Java代写:CS3016 Mobile Analytics



This assignment broadly deals with location-based mobile marketing. You have data from a location-based marketing agency which handles geo-fencing campaigns on behalf of advertisers. Due to the very large volume of data, you are given a random sample for two campaigns of a single advertiser - AMC Theaters. The advertising impressions are inserted into the mobile app being used on the device. The data include the following elements: impression size (e.g., 320x50 pixels), app category (e.g., IAB1), app review volume and valence, device OS (e.g., iOS), geo-fence lat/long coordinates, mobile device lat/long coordinates, and click outcome (0 or 1). The column names are self-explanatory, although we have provided a data dictionary file on Canvas.


Data Processing

  • a. Create dummy variable imp_large for the large impression
  • b. Create dummy variables cat_entertainment, cat_social and cat_tech for app categories
  • c. Create dummy variable os_ios for iOS devices
  • d. Create variable distance using Harvesine formula to calculate the distance for a pair of latitude/longitude coordinates.

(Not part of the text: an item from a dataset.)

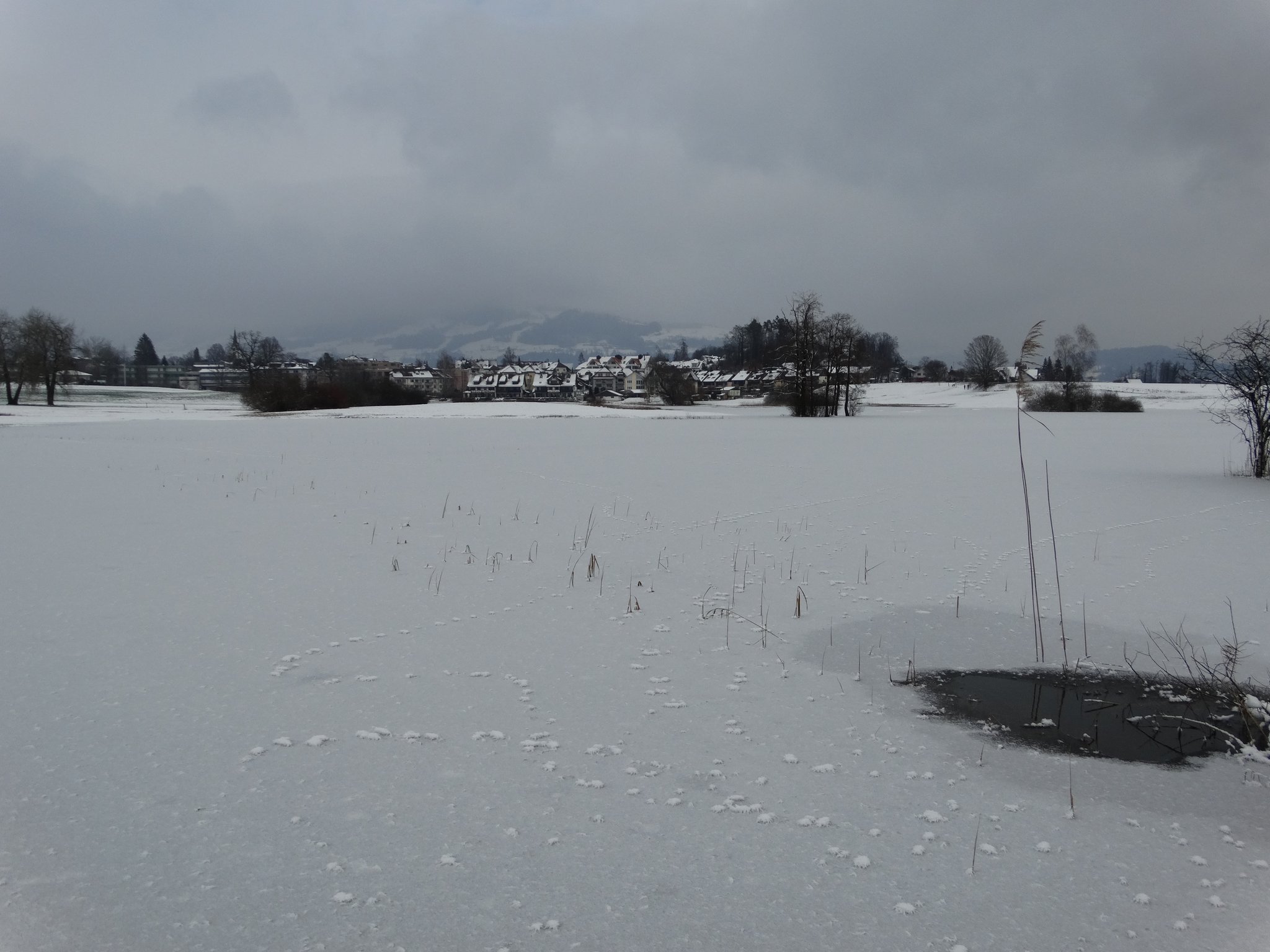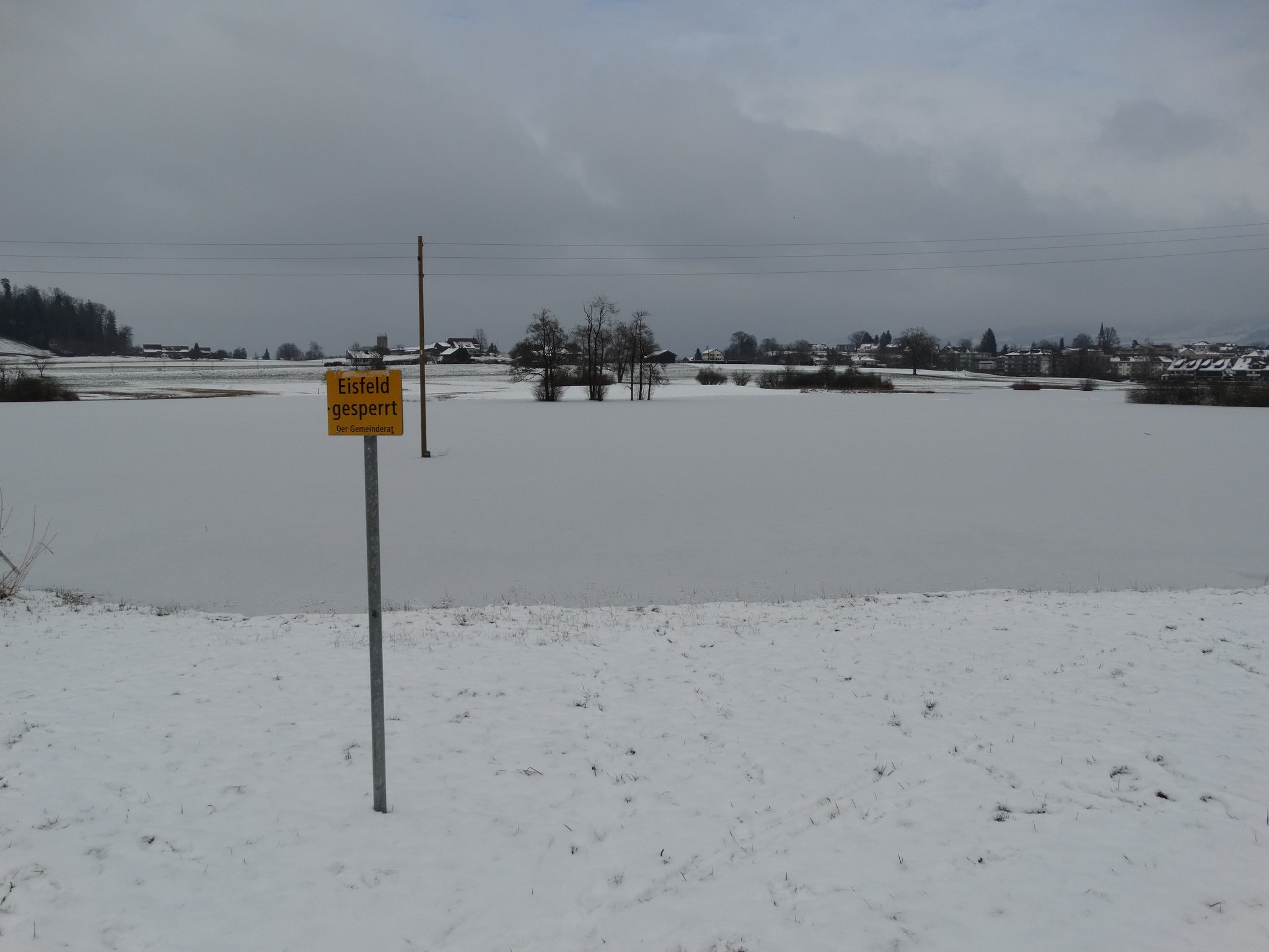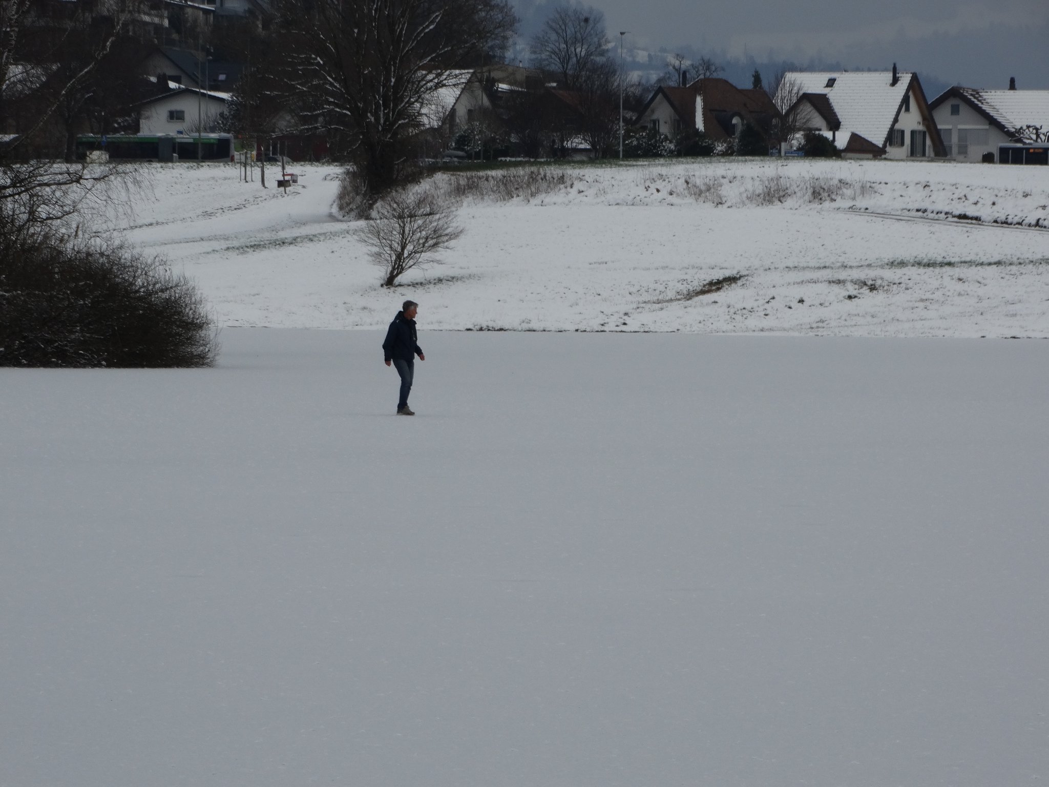 «Bubikon au lac», spöttelte der «Zürcher Oberländer» kürzlich über das frühlingshaft dahinplätschernde Hüsliriet-Stauseeli zwischen Bubikon und Wolfhausen. Inzwischen hat die kräftige Bise die Riedlandschaft in ein arktisches Eisparadies verwandelt, und obschon das Eisfeld noch gesperrt ist, finden sich bereits mutige Spaziergänger, die das Risiko eines unfreiwilligen, eiskalten Bades nicht scheuen... (bn)

Distance (in kilometers) = 6371 * acos( cos( radians(LATITUDE1) ) * cos( radians( LATITUDE2 ) ) * cos( radians( LONGITUDE1 ) - radians(LONGITUDE2) ) + sin( radians(LATITUDE1) ) * sin( radians( LATITUDE2 ) ) )
  • e. Create variable distance_squared by squaring variable distance
  • f. Create variable ln_app_review_vol by taking natural log of app_review_vol

Descriptive Statistics

  • a. Summarize the data by calculating the summary statistics (i.e., mean, median, std. dev., minimum and maximum) for didclick, distance, imp_large, cat_entertainment, cat_social, cat_tech, os_ios, ln_app_review_vol and app_review_val.
  • b. Report the correlations among the above variables.
  • c. Plot the relationship of distance (x-axis) and click-through-rate (y-axis), and any other pairs of variables of interest.

Logistics Regression

  • a. Specify the following Logistic regression model:
    Dependent variable: didclick
    Independent variables: distance, distance_squared, imp_large, cat_entertainment, cat_social, cat_tech, os_ios, ln_app_review_vol and app_review_val.
  • b. Estimate the model in R (using the glm function) and report coefficients and p-value of the estimates. - c. Discuss your findings and their implications, limiting your answer to a page or so.